Below is a set of records, and all of them should be retyped exactly, minus the pictures.

*** Opening Data provided ***

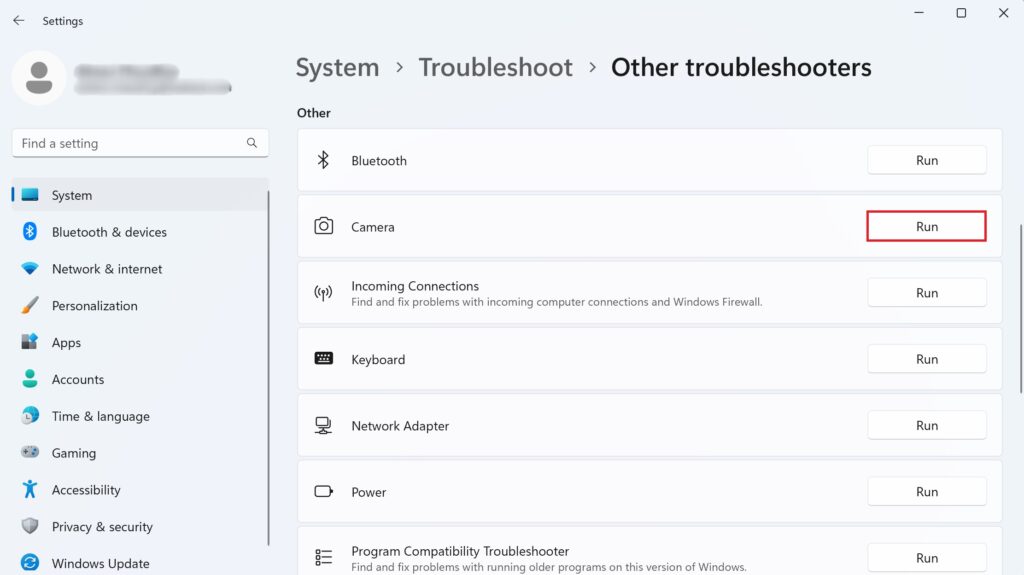 Vá para o menu Iniciar da barra de tarefas. Em seguida, clique no ícone de engrenagem para abrir Configurações. No painel esquerdo, vá para a guia Sistema . Agora, selecione Solucionar problemas no painel direito. Em seguida, clique em Outras soluções de problemas. Role para baixo e procure por Câmera. Em seguida, clique em Executar ao lado dele. Siga as instruções na tela para executar a solução de problemas da câmera.
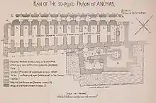 Le mur extérieur du bâtiment est d'une hauteur inhabituelle, s'élevant à 23 mètres au-dessus du sol qui lui fait face et ayant une épaisseur de 11 à 20 mètres. À l’intérieur de l'enceinte, le bâtiment comprend 12 chambres de trois étages. La façade extérieure consiste en deux tours rectangulaires construites côte-à-côte avec un mur mitoyen. Les tours jumelles sont soutenues par des contreforts massifs qui s'élèvent à près de huit mètres de haut et font une saillie de 6,5 à 9 mètres devant les deux tours[2].
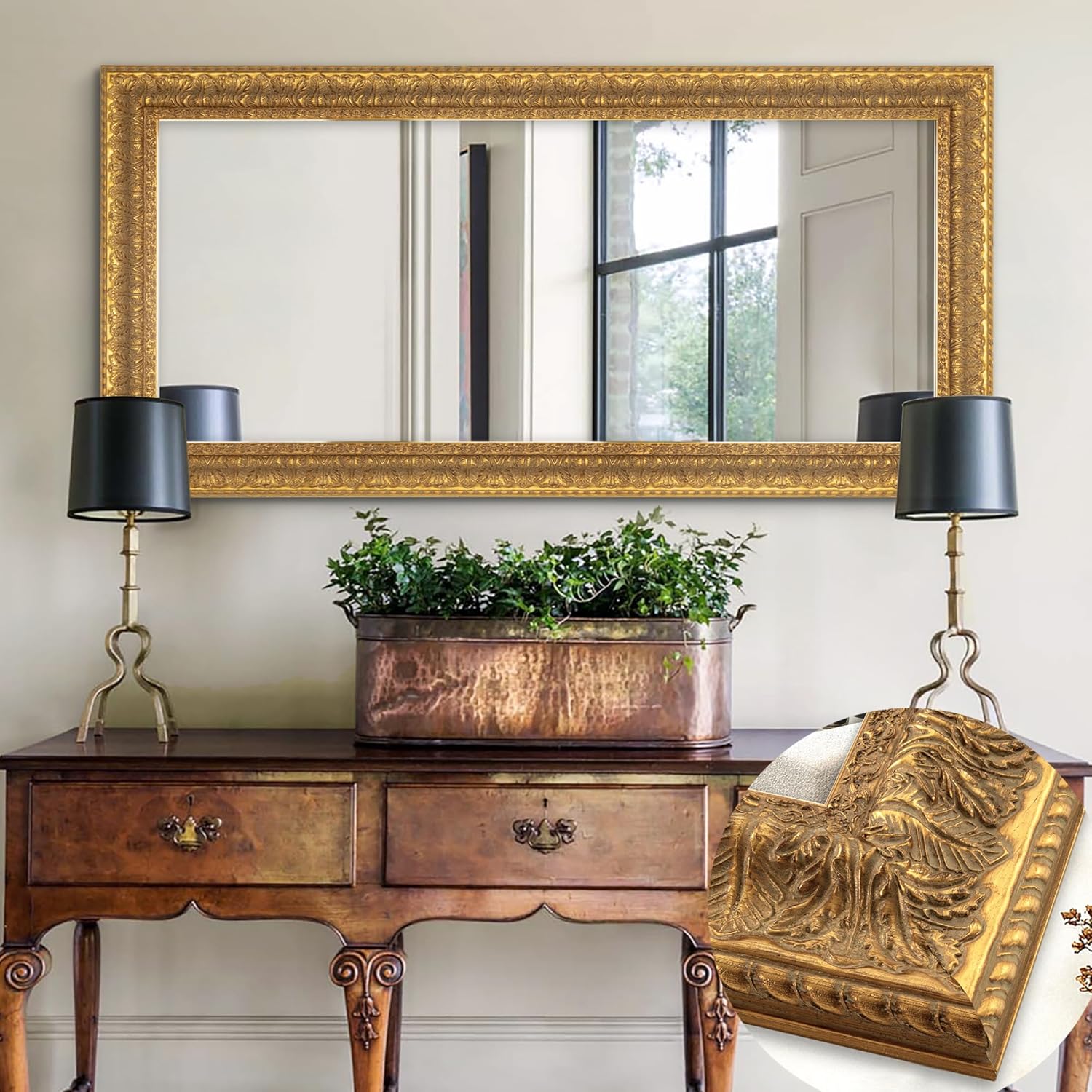 Chende 48" L x 24" W Large Gold Mirror for Wall, Rectangular Decorative Mirror Wall Decor with Leaves Shape Wood Frame, Elegant Baroque Mirror for Bathroom Entrance Hallyway Power Room
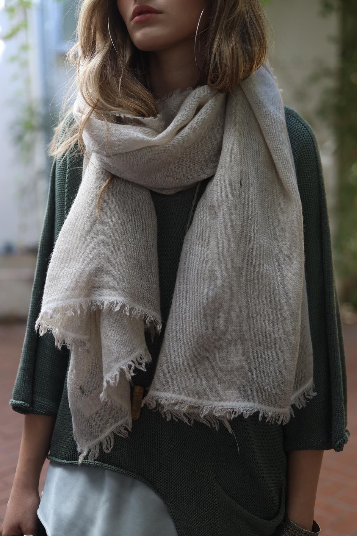Taş Rengi Kenarları Saçaklı Şal (ASL-FAL-001-AK-TAS-STD)
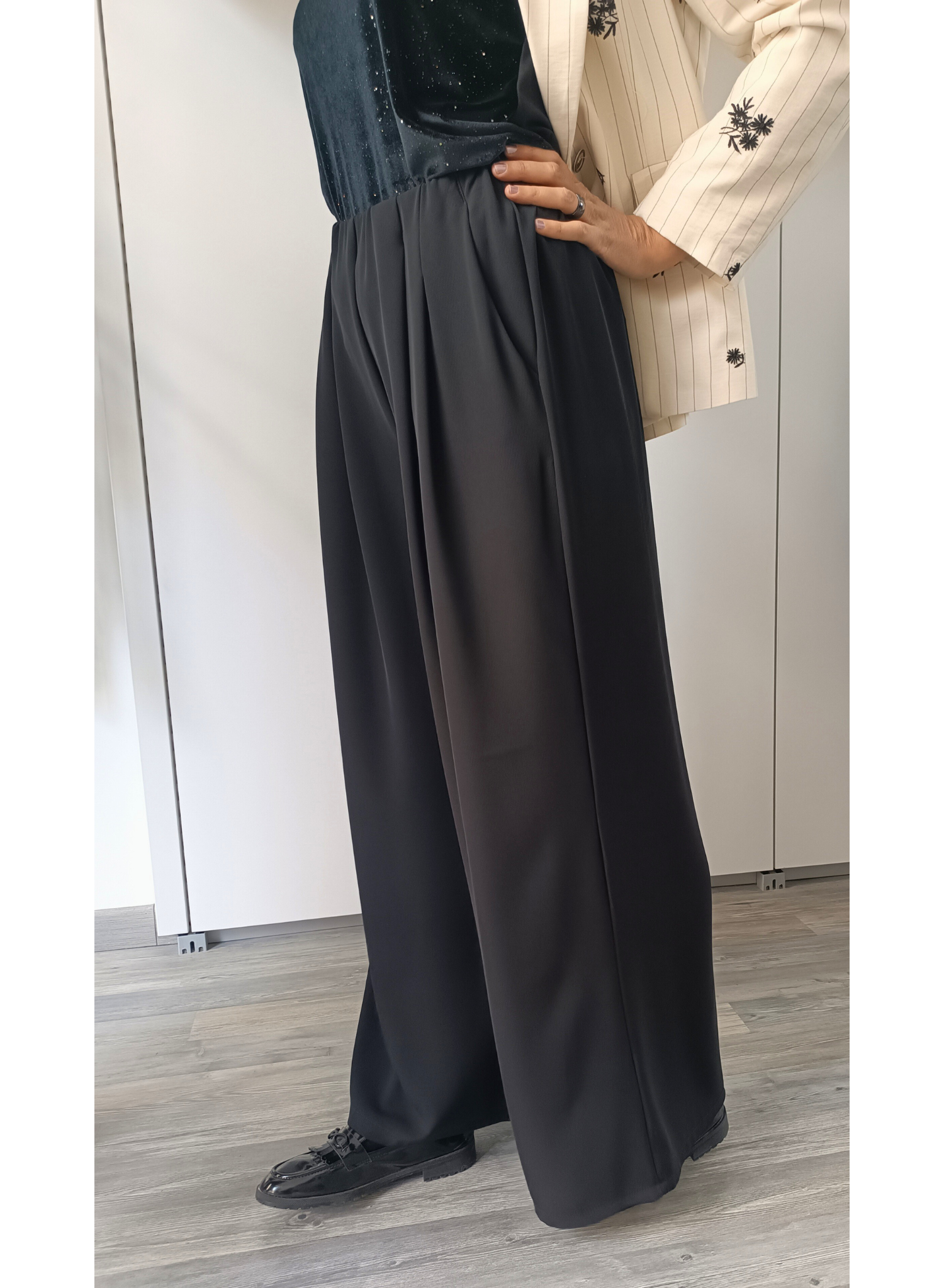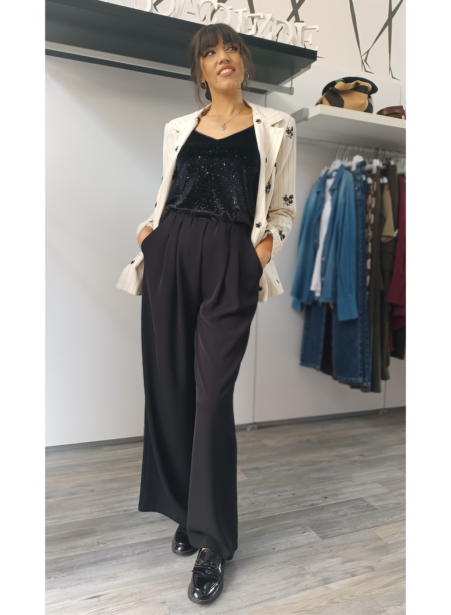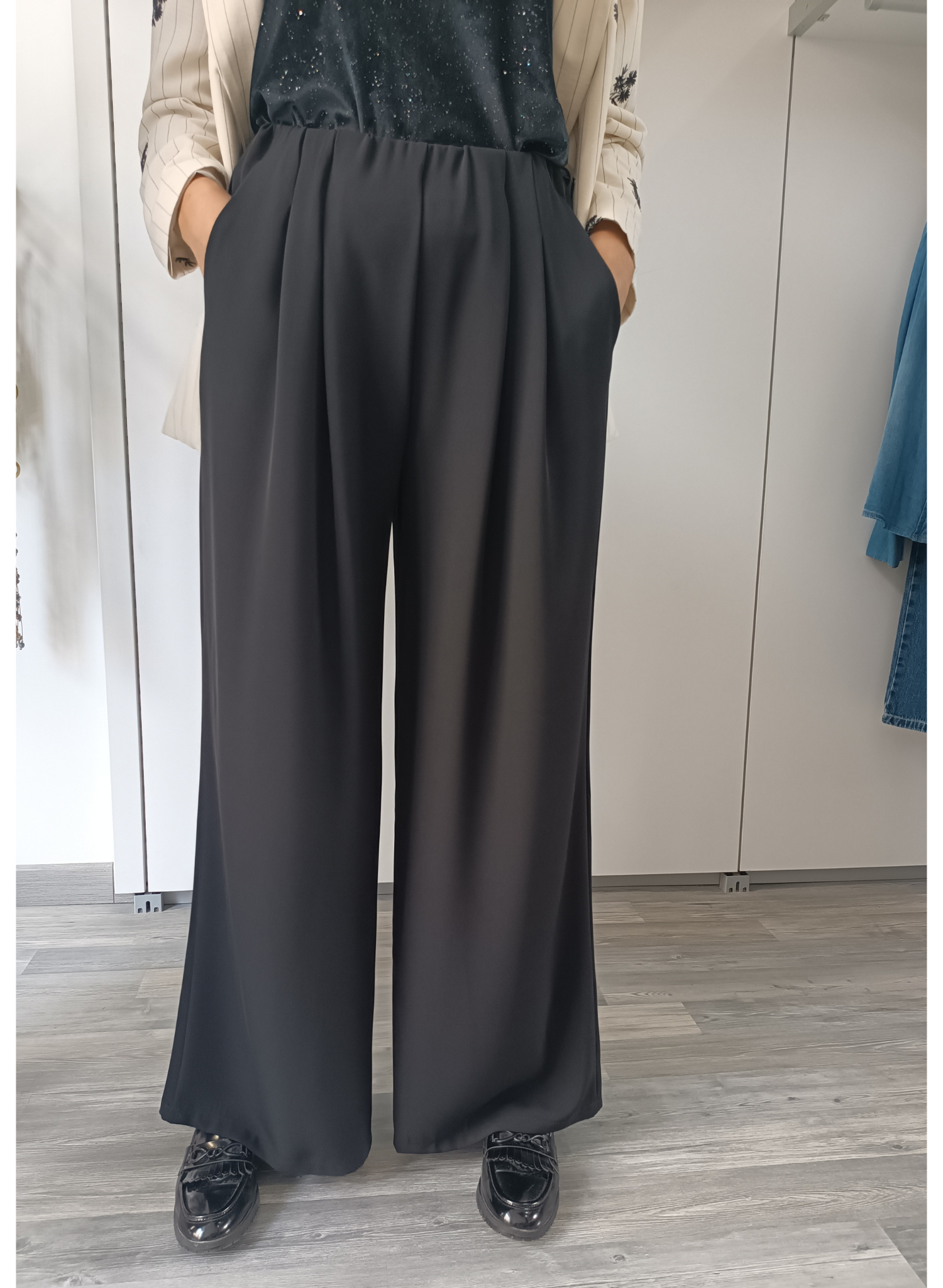 Sono in tessuto fluido e cascante, quindi dal taglio ampio che offre comodità e ne valorizza la linea ampia e femminile del capo
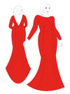 Printable layered pattern for fishtail evening gown in women sizes XS, S, M, L, XL or plus sizes 1XL, 2XL, 3XL, 4XL, 5XL to make from light to medium weight woven or knit material with no or low stretch percentage, for example satin, silk, chiffon, sequins, lace etc.
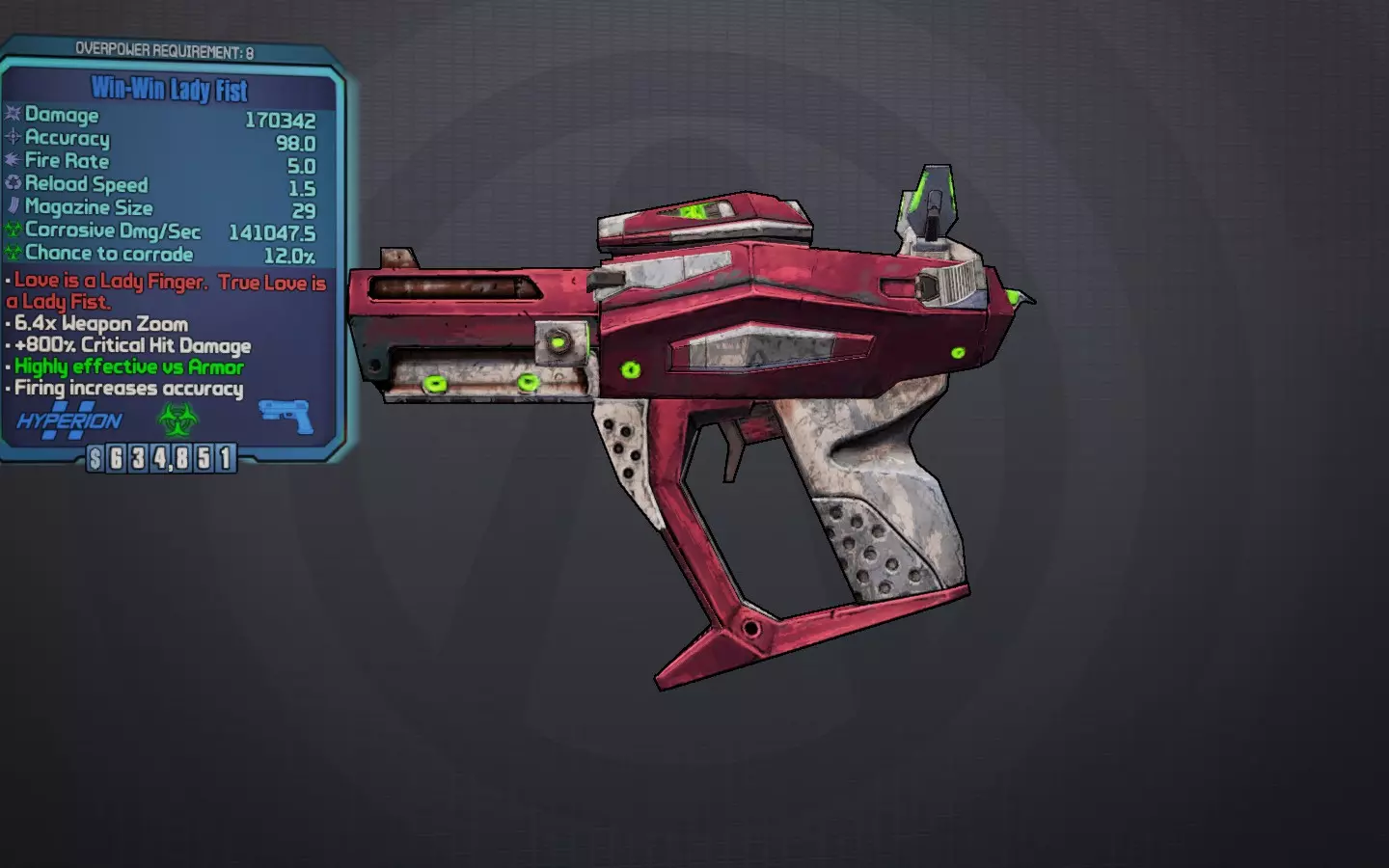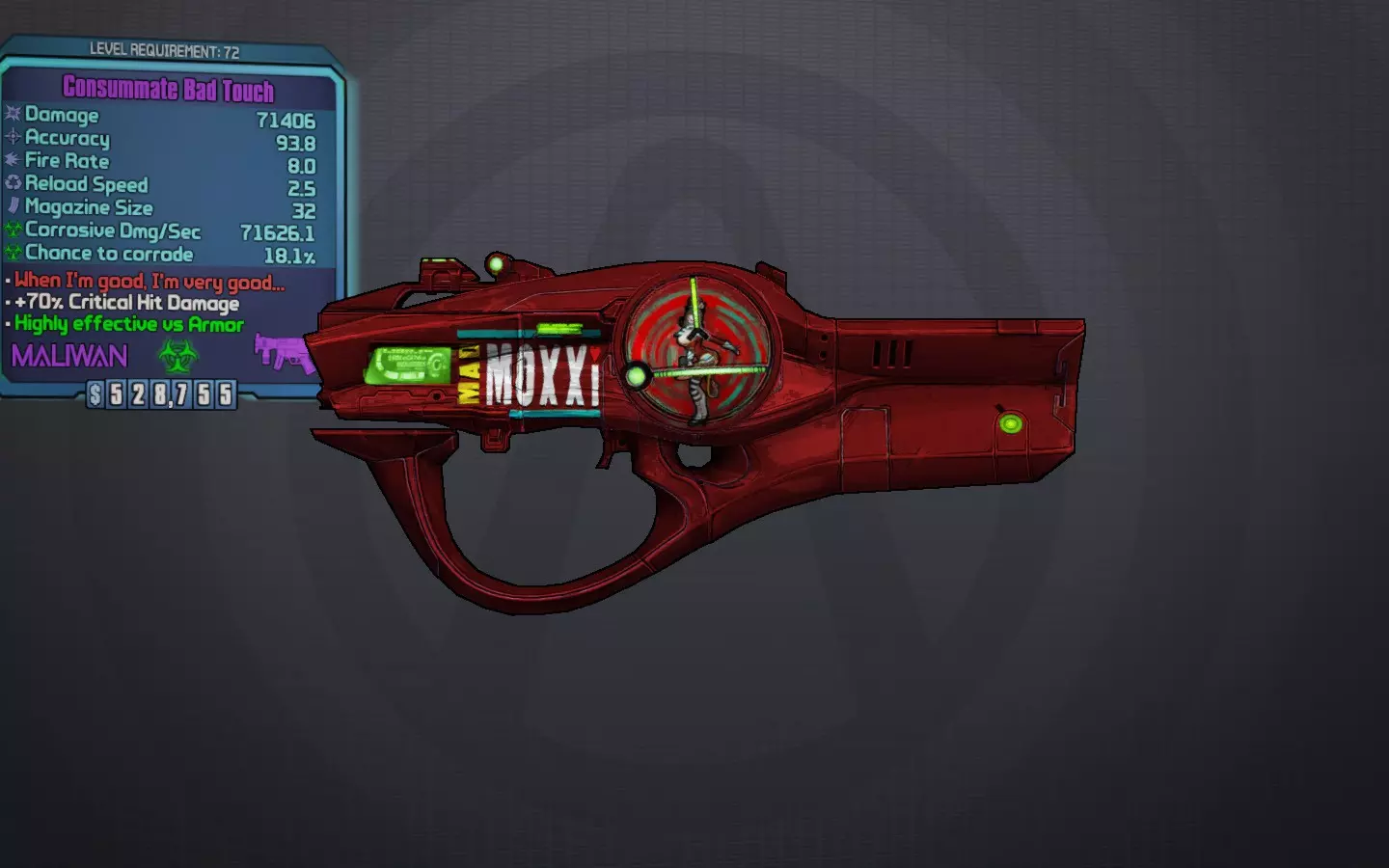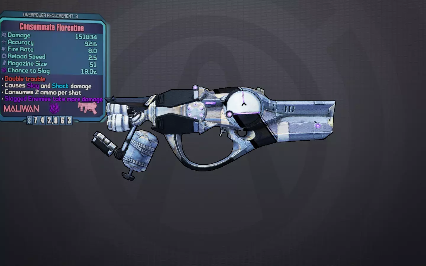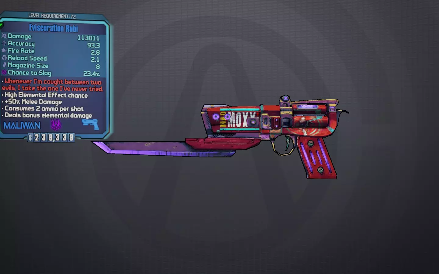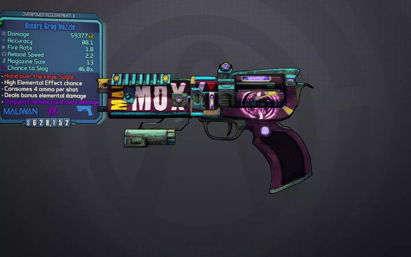 交出钥匙吧,甜心... 一把蓝色的独特莫西马里旺手枪,很像鲁比,但伤害较低,治疗率却异常高达65%。它还拥有隐藏的200%暴击伤害加成、较高的slag几率,并且能造成“醉酒”效果,该效果可转移到其他枪械上,使其无需消耗额外弹药就能喷射多发子弹,这对火箭筒同样有效。 最佳前缀:无关紧要 最佳元素:始终为slag 最佳部件:马里旺握把 获取方式:任务“胡须成就男人”的任务物品。若想保留这把枪,请勿交任务。 荣誉提名:
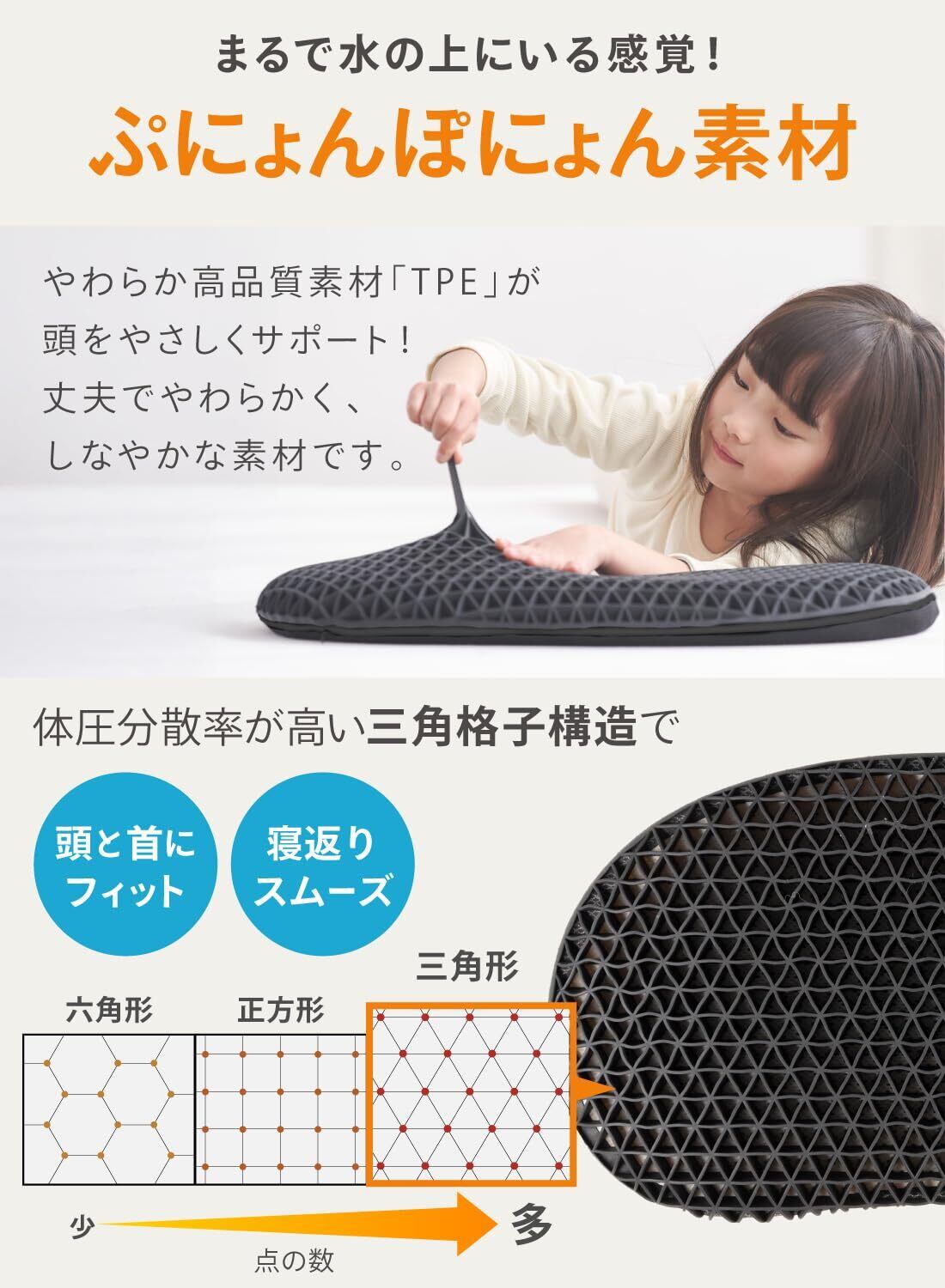 【ぷにょんぽにょん素材が頭にフィット】やわらかなTPE(熱可塑性エラストマー)素材を採用。丈夫でやわらかく、しなやかな素材で頭をやさしくサポートします。 【通気性抜群!朝までスッキリ快眠】実は子どもの汗の量は大人の2倍近く!なので眠っている間に汗で服やシーツ、髪の毛がびっしょり濡れてしまうことも。汗をかきやすい子どもが快適に眠れるよう、枕本体は熱や湿気を通しやすい「三角格子構造」眠っている間の熱や湿気を逃して朝までスッキリ。 【丸洗い可能で清潔】枕本体もカバーも丸洗いOKなので毎日清潔にご使用いただけます。また、枕本体には消臭性のある活性炭を配合。寝汗や湿気によるイヤなにおいも吸着し防ぎます。

*** Closing Data provided ***

--- Solution ---
 Vá para o menu Iniciar da barra de tarefas. Em seguida, clique no ícone de engrenagem para abrir Configurações. No painel esquerdo, vá para a guia Sistema . Agora, selecione Solucionar problemas no painel direito. Em seguida, clique em Outras soluções de problemas. Role para baixo e procure por Câmera. Em seguida, clique em Executar ao lado dele. Siga as instruções na tela para executar a solução de problemas da câmera.
 Le mur extérieur du bâtiment est d'une hauteur inhabituelle, s'élevant à 23 mètres au-dessus du sol qui lui fait face et ayant une épaisseur de 11 à 20 mètres. À l’intérieur de l'enceinte, le bâtiment comprend 12 chambres de trois étages. La façade extérieure consiste en deux tours rectangulaires construites côte-à-côte avec un mur mitoyen. Les tours jumelles sont soutenues par des contreforts massifs qui s'élèvent à près de huit mètres de haut et font une saillie de 6,5 à 9 mètres devant les deux tours[2].
 Chende 48" L x 24" W Large Gold Mirror for Wall, Rectangular Decorative Mirror Wall Decor with Leaves Shape Wood Frame, Elegant Baroque Mirror for Bathroom Entrance Hallyway Power Room
Taş Rengi Kenarları Saçaklı Şal (ASL-FAL-001-AK-TAS-STD)
 Sono in tessuto fluido e cascante, quindi dal taglio ampio che offre comodità e ne valorizza la linea ampia e femminile del capo
 Printable layered pattern for fishtail evening gown in women sizes XS, S, M, L, XL or plus sizes 1XL, 2XL, 3XL, 4XL, 5XL to make from light to medium weight woven or knit material with no or low stretch percentage, for example satin, silk, chiffon, sequins, lace etc.
 交出钥匙吧,甜心... 一把蓝色的独特莫西马里旺手枪,很像鲁比,但伤害较低,治疗率却异常高达65%。它还拥有隐藏的200%暴击伤害加成、较高的slag几率,并且能造成“醉酒”效果,该效果可转移到其他枪械上,使其无需消耗额外弹药就能喷射多发子弹,这对火箭筒同样有效。 最佳前缀:无关紧要 最佳元素:始终为slag 最佳部件:马里旺握把 获取方式:任务“胡须成就男人”的任务物品。若想保留这把枪,请勿交任务。 荣誉提名:
 【ぷにょんぽにょん素材が頭にフィット】やわらかなTPE(熱可塑性エラストマー)素材を採用。丈夫でやわらかく、しなやかな素材で頭をやさしくサポートします。 【通気性抜群!朝までスッキリ快眠】実は子どもの汗の量は大人の2倍近く!なので眠っている間に汗で服やシーツ、髪の毛がびっしょり濡れてしまうことも。汗をかきやすい子どもが快適に眠れるよう、枕本体は熱や湿気を通しやすい「三角格子構造」眠っている間の熱や湿気を逃して朝までスッキリ。 【丸洗い可能で清潔】枕本体もカバーも丸洗いOKなので毎日清潔にご使用いただけます。また、枕本体には消臭性のある活性炭を配合。寝汗や湿気によるイヤなにおいも吸着し防ぎます。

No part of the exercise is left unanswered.